*Exercise goal*
Repeat the data that follows exactly, starting at the line with "- To get more" and ending at the line with "Механизм Systeme Electric", and leave out every picture.

*Data provided*
"""

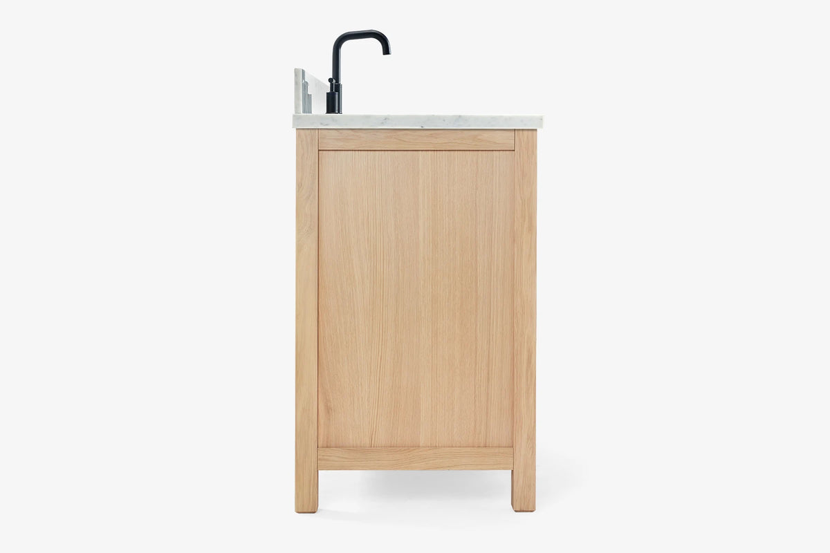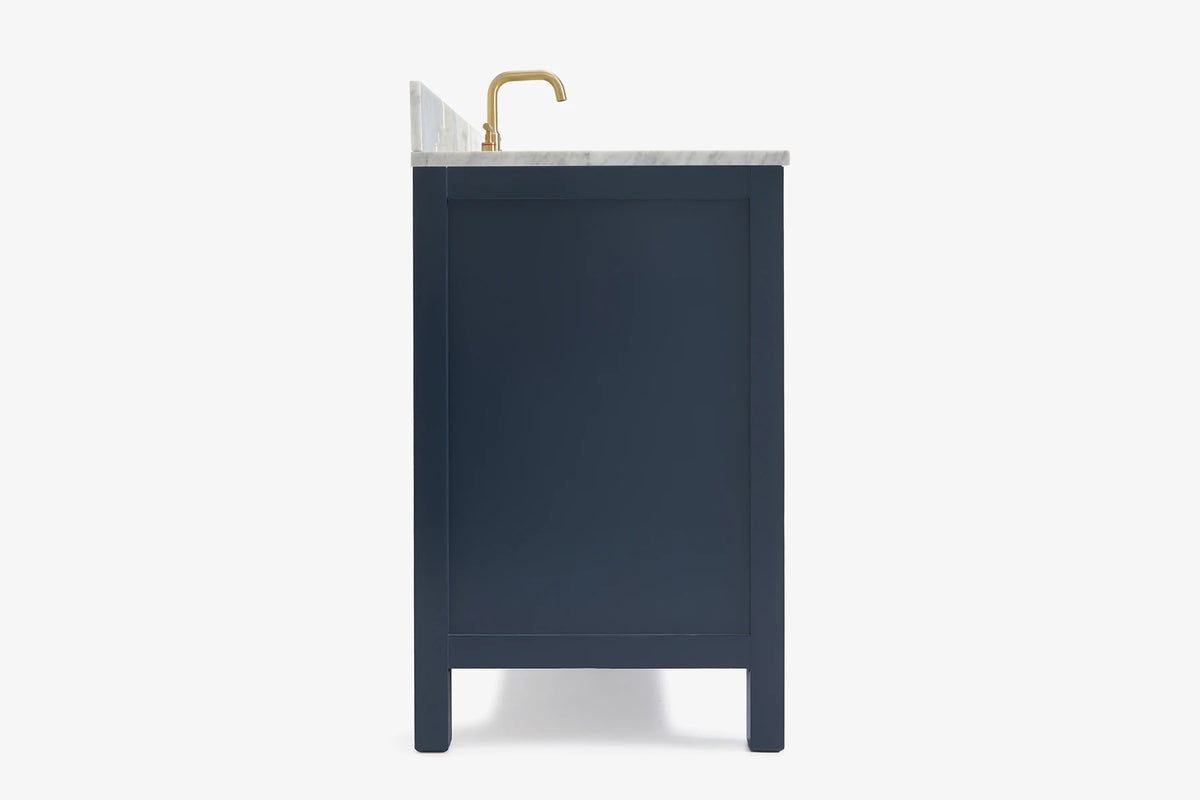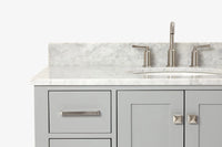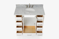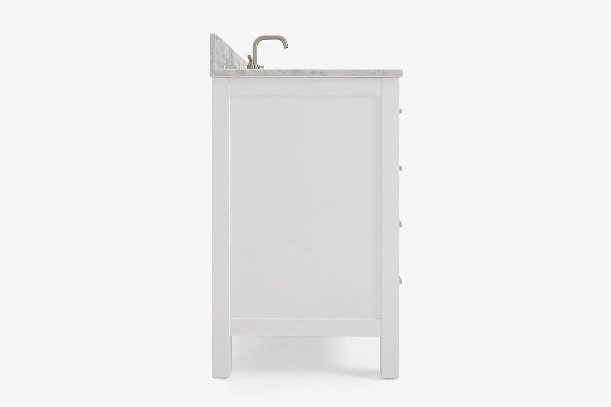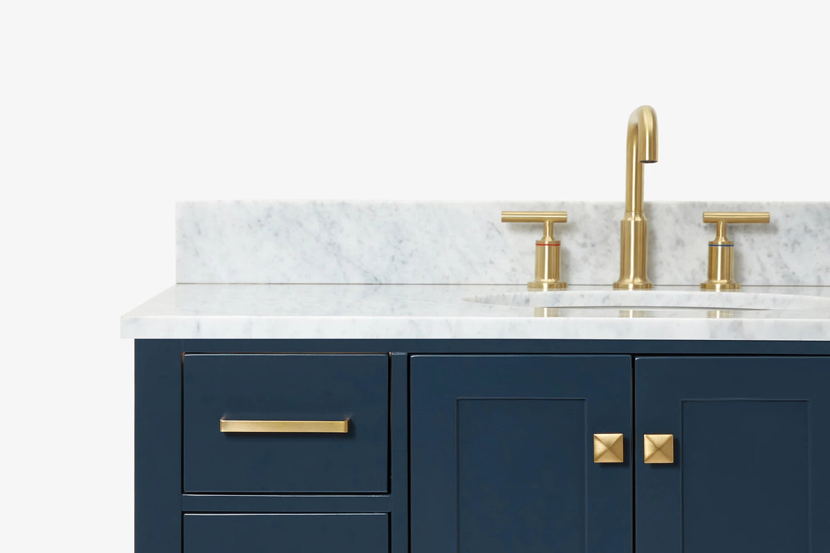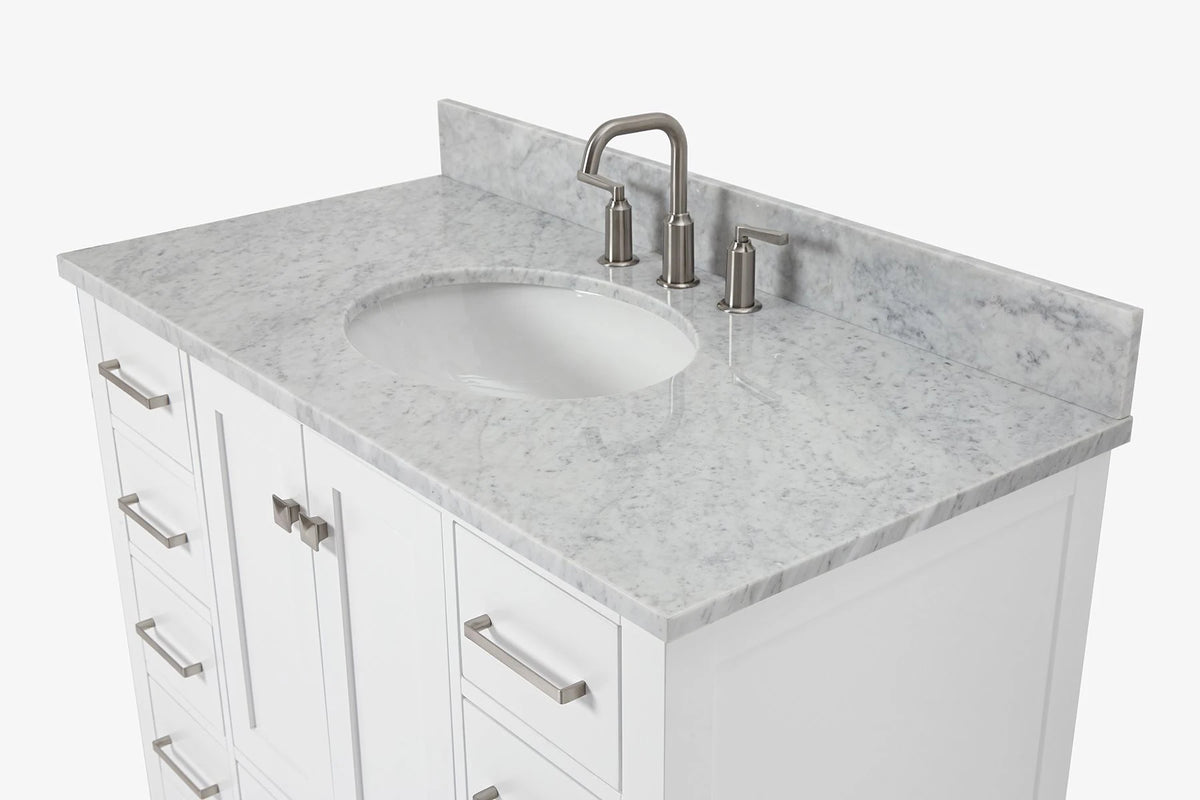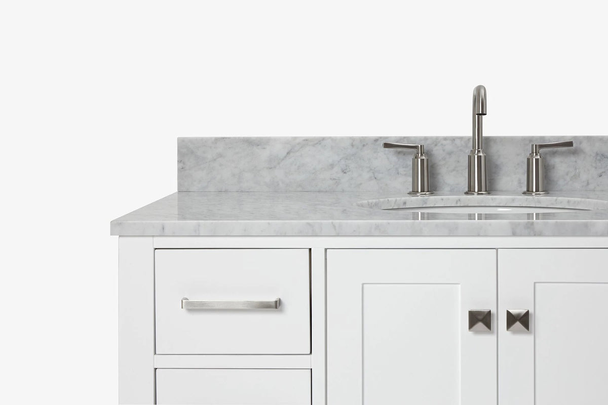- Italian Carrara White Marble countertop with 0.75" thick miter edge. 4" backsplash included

"""
"""

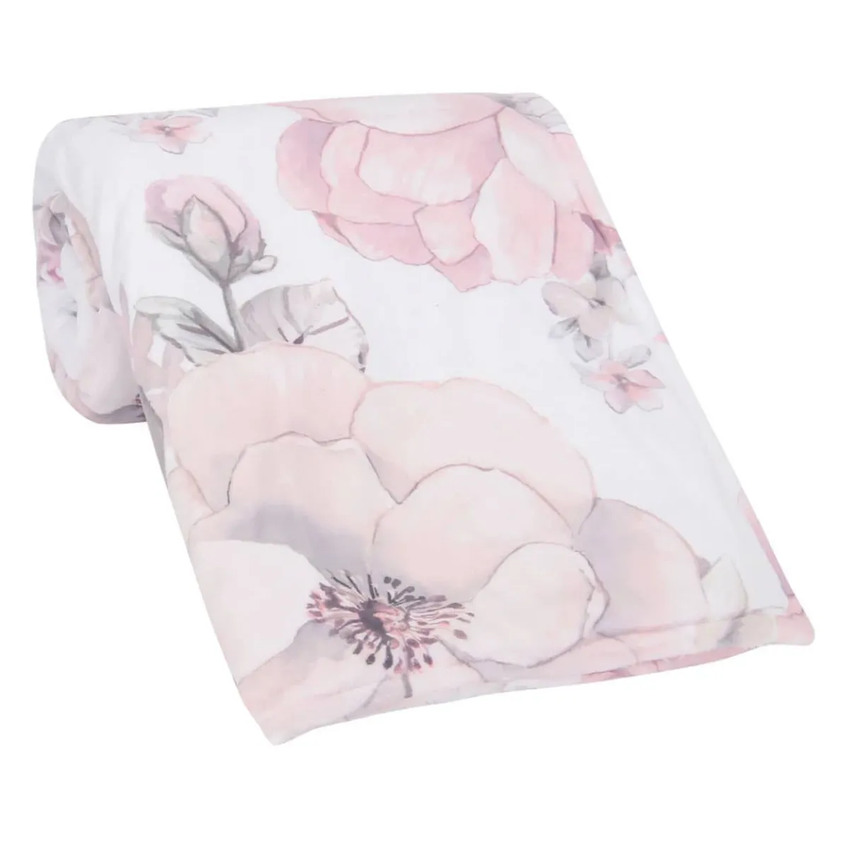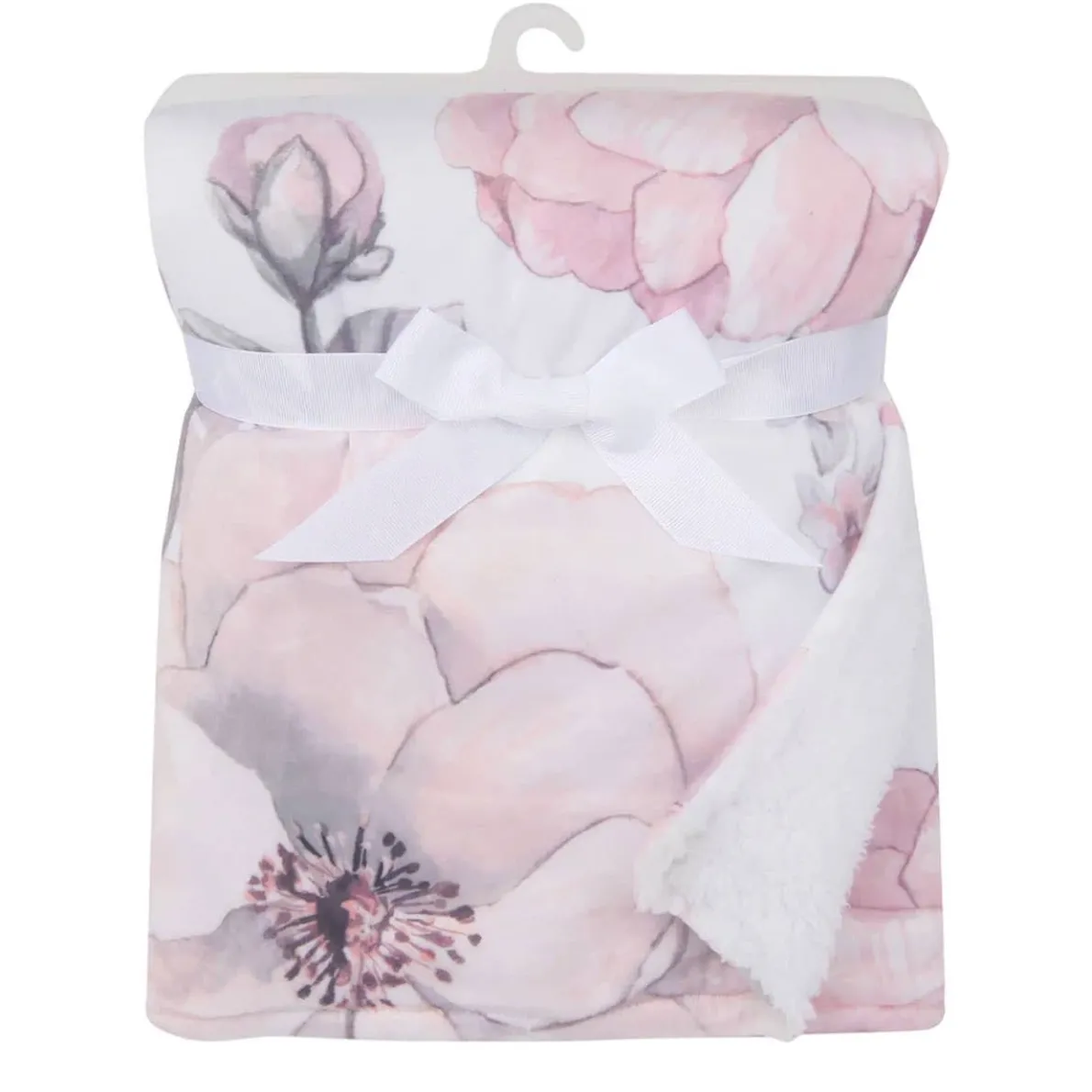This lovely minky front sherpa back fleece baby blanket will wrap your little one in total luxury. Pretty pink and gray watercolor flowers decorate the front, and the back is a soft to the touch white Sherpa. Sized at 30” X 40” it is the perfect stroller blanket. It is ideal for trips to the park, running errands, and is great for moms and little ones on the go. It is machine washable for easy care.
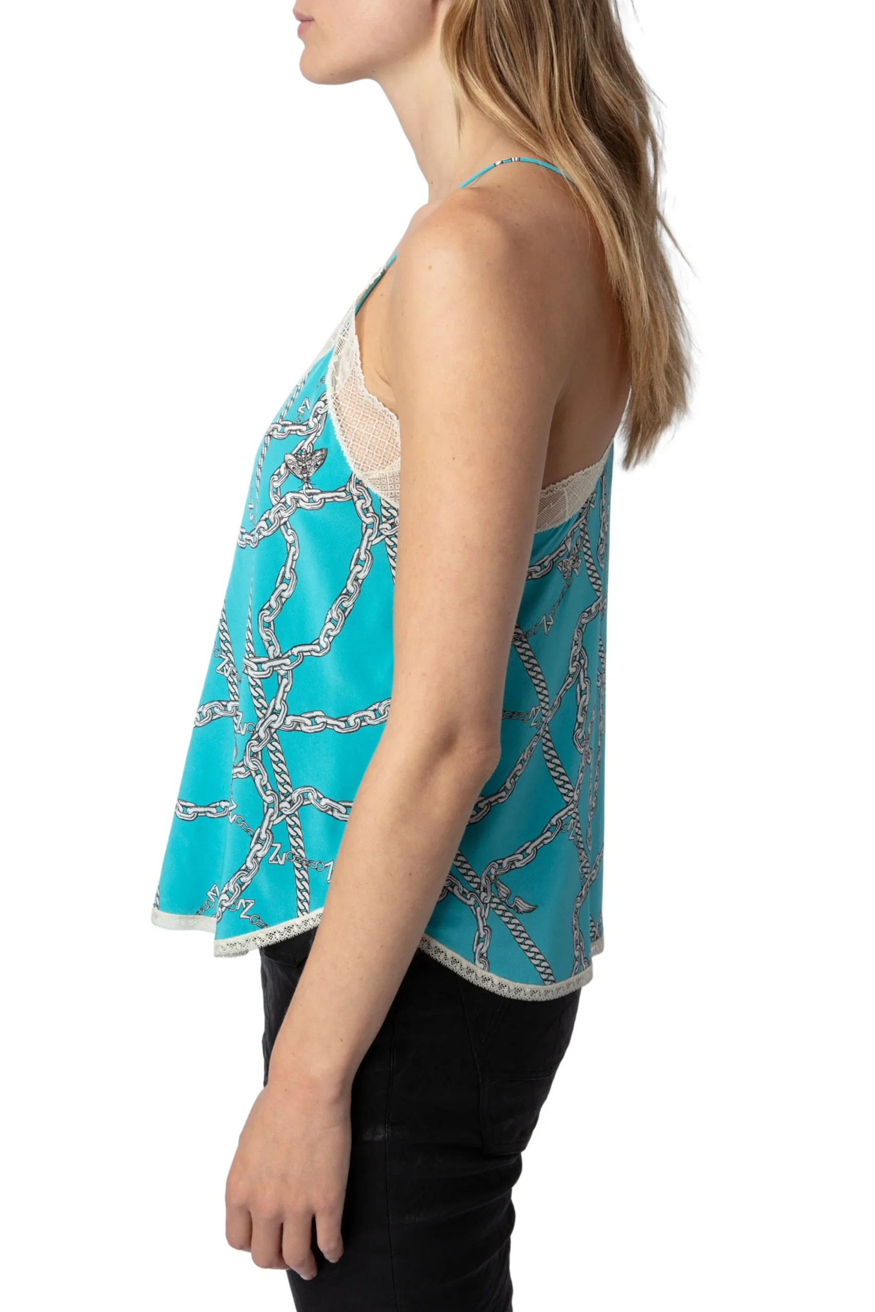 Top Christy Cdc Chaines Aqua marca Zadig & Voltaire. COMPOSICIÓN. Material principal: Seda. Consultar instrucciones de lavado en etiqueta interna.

"""
"""

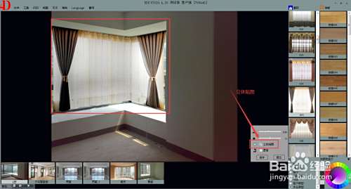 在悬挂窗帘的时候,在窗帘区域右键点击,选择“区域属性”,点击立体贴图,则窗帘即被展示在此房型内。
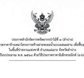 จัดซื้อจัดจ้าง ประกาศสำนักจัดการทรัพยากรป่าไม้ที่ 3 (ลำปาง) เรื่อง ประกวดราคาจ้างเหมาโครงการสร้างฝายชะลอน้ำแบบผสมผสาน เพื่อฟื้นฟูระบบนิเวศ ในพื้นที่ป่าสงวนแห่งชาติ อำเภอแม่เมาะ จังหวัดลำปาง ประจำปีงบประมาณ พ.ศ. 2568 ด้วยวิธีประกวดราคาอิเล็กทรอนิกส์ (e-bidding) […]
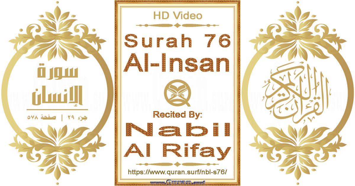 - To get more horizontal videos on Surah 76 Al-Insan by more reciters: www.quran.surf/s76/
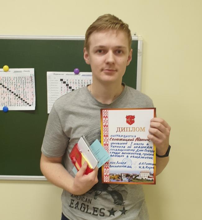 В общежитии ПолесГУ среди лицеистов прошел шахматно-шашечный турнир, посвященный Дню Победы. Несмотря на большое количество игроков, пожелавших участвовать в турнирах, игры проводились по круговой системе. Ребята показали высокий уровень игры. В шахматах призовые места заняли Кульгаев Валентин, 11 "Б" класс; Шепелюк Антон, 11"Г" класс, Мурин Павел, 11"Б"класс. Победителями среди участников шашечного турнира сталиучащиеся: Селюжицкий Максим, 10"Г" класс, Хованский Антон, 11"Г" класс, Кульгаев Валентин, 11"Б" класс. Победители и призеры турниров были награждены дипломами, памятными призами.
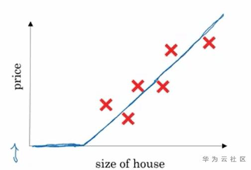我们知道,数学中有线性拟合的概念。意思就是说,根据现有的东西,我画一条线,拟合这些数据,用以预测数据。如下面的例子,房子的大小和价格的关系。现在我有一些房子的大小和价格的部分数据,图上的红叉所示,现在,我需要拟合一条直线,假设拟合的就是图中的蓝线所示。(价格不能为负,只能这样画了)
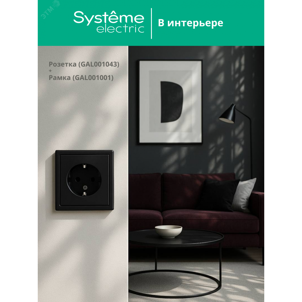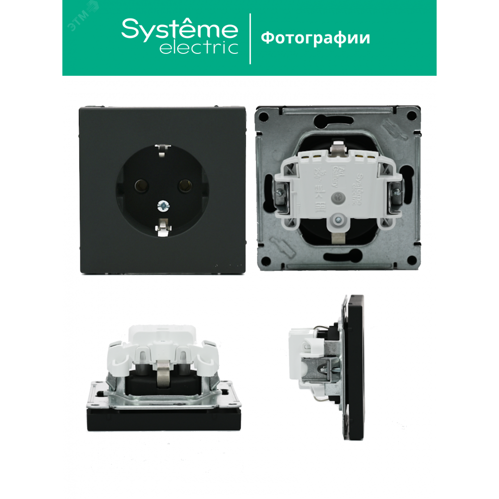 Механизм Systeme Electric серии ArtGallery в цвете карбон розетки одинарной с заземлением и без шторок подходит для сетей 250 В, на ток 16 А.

"""

*Answer to the problem*
 - To get more horizontal videos on Surah 76 Al-Insan by more reciters: www.quran.surf/s76/
 В общежитии ПолесГУ среди лицеистов прошел шахматно-шашечный турнир, посвященный Дню Победы. Несмотря на большое количество игроков, пожелавших участвовать в турнирах, игры проводились по круговой системе. Ребята показали высокий уровень игры. В шахматах призовые места заняли Кульгаев Валентин, 11 "Б" класс; Шепелюк Антон, 11"Г" класс, Мурин Павел, 11"Б"класс. Победителями среди участников шашечного турнира сталиучащиеся: Селюжицкий Максим, 10"Г" класс, Хованский Антон, 11"Г" класс, Кульгаев Валентин, 11"Б" класс. Победители и призеры турниров были награждены дипломами, памятными призами.
我们知道,数学中有线性拟合的概念。意思就是说,根据现有的东西,我画一条线,拟合这些数据,用以预测数据。如下面的例子,房子的大小和价格的关系。现在我有一些房子的大小和价格的部分数据,图上的红叉所示,现在,我需要拟合一条直线,假设拟合的就是图中的蓝线所示。(价格不能为负,只能这样画了)
 Механизм Systeme Electric серии ArtGallery в цвете карбон розетки одинарной с заземлением и без шторок подходит для сетей 250 В, на ток 16 А.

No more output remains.